**Your instructions:** Below are entries with pictures among them; reproduce exactly, and only, the lines from the one containing "Camisa sem mangas" down to the one containing "Helwit Watermelon Slim", without the pictures.

**Records for this task:**
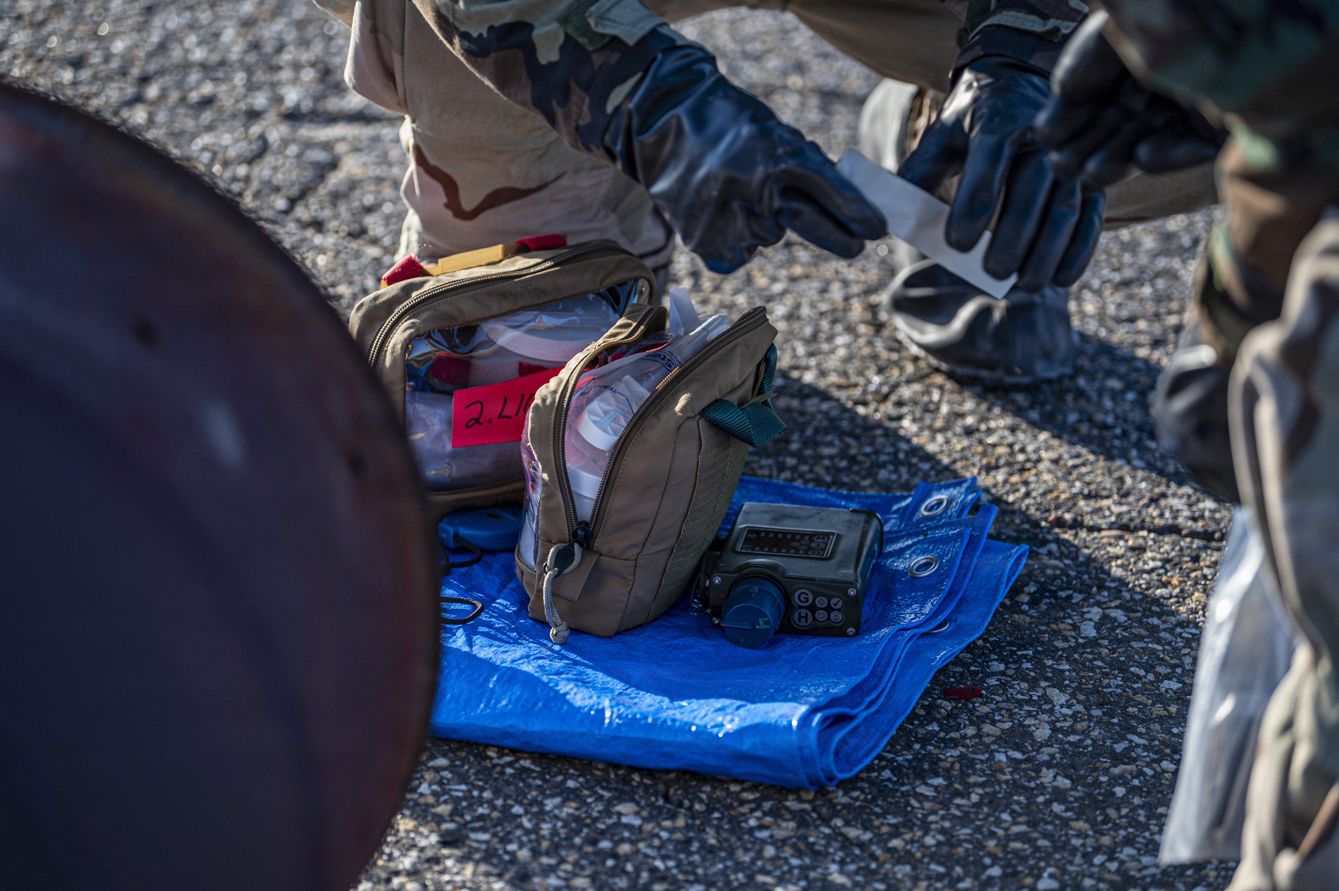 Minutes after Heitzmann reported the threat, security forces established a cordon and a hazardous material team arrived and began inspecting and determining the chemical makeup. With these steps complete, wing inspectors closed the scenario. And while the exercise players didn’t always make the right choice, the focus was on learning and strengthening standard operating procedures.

==

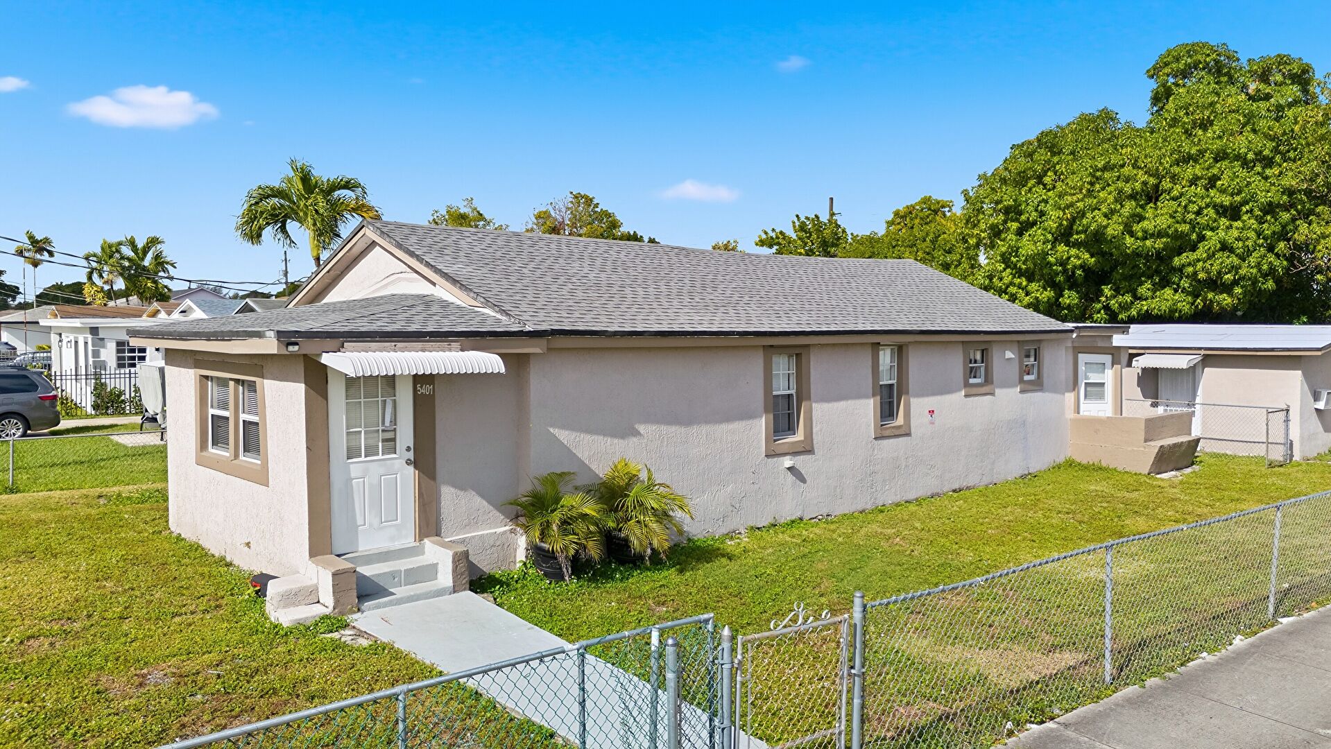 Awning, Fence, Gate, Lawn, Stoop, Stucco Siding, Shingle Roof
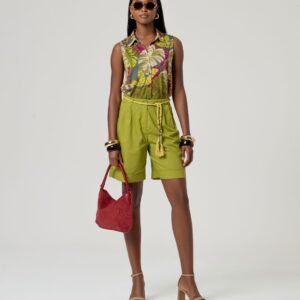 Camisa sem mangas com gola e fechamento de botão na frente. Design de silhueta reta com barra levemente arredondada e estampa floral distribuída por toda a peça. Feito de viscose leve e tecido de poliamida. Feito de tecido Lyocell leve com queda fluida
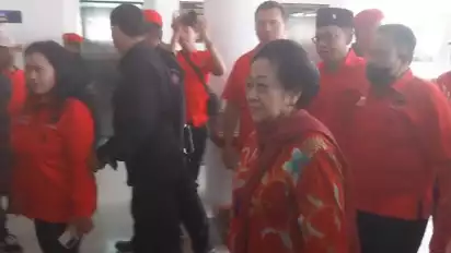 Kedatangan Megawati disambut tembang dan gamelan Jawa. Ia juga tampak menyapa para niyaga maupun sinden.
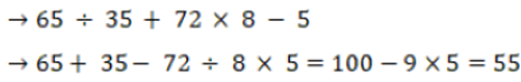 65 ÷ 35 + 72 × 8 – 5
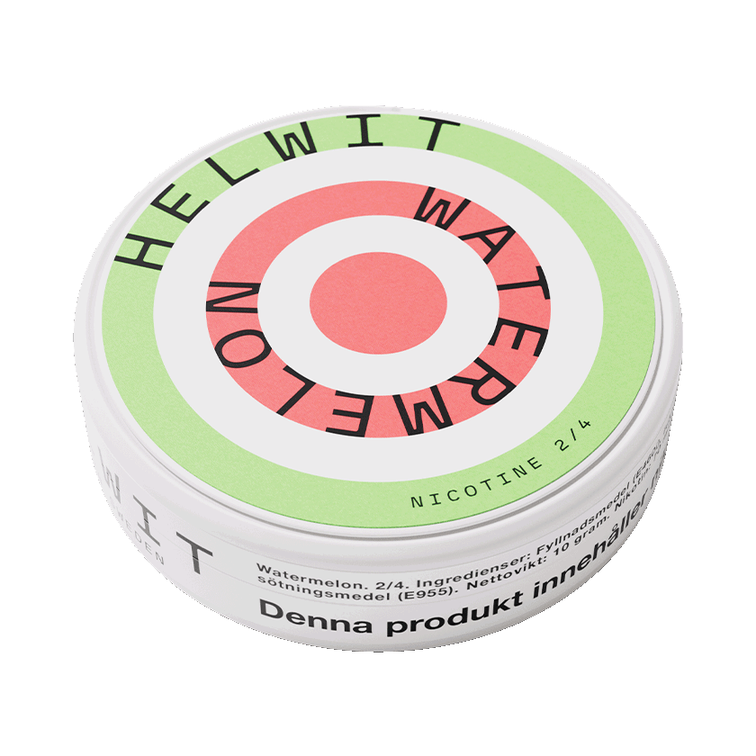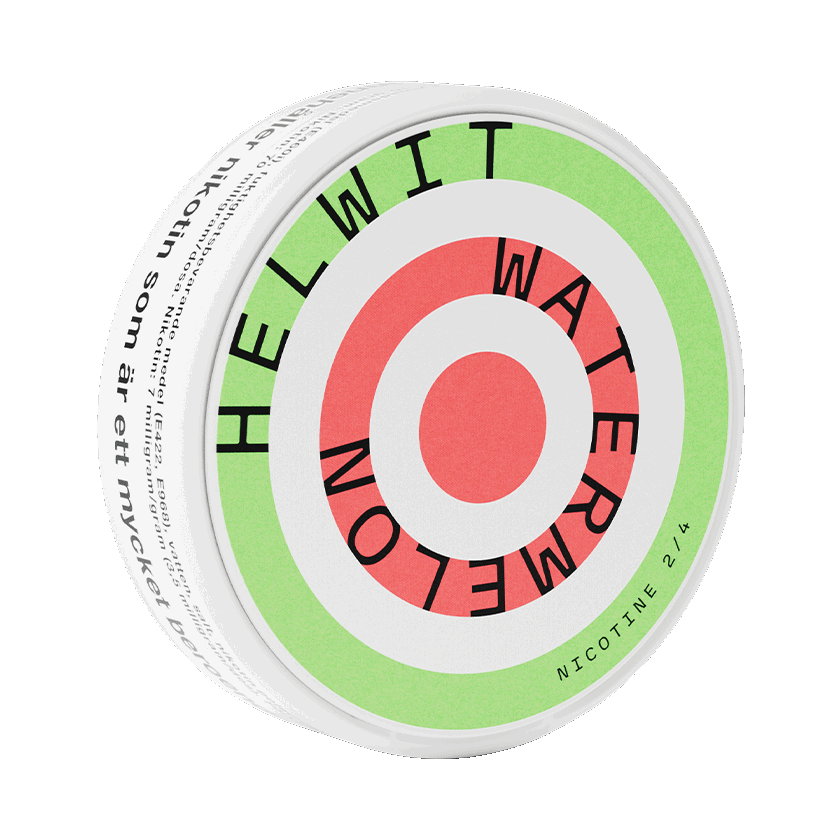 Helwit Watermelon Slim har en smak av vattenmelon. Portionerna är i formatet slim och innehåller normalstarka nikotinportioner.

--

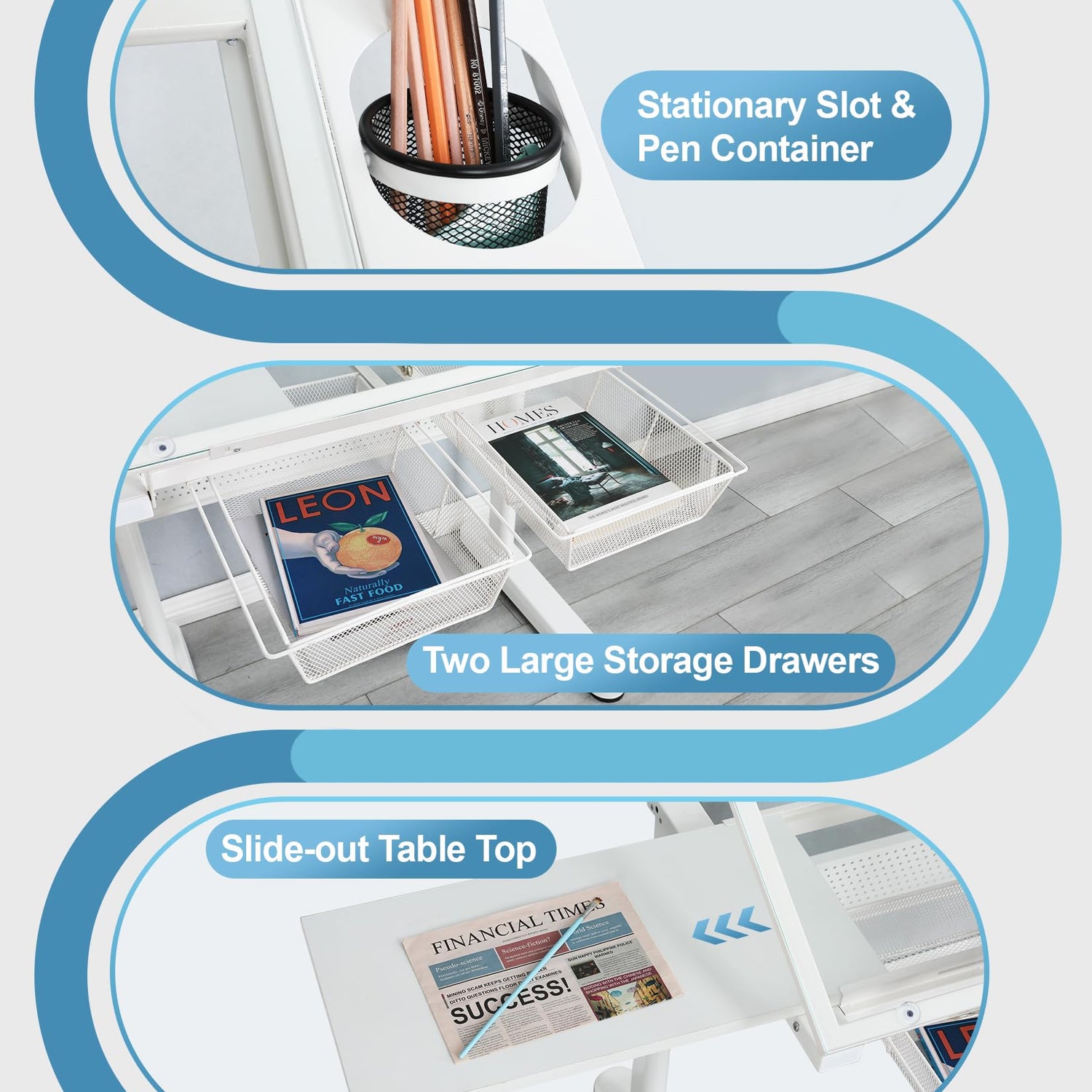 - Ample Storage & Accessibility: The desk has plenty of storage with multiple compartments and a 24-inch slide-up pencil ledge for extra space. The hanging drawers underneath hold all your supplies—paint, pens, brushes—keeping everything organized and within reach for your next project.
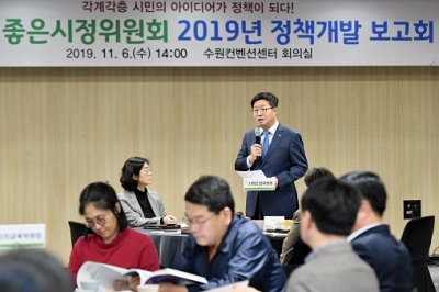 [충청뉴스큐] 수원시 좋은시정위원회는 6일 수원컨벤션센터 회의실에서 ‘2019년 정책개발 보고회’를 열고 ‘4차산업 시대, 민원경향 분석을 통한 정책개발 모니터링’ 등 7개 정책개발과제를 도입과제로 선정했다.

**Exercise result:**
 Camisa sem mangas com gola e fechamento de botão na frente. Design de silhueta reta com barra levemente arredondada e estampa floral distribuída por toda a peça. Feito de viscose leve e tecido de poliamida. Feito de tecido Lyocell leve com queda fluida
 Kedatangan Megawati disambut tembang dan gamelan Jawa. Ia juga tampak menyapa para niyaga maupun sinden.
 65 ÷ 35 + 72 × 8 – 5
 Helwit Watermelon Slim har en smak av vattenmelon. Portionerna är i formatet slim och innehåller normalstarka nikotinportioner.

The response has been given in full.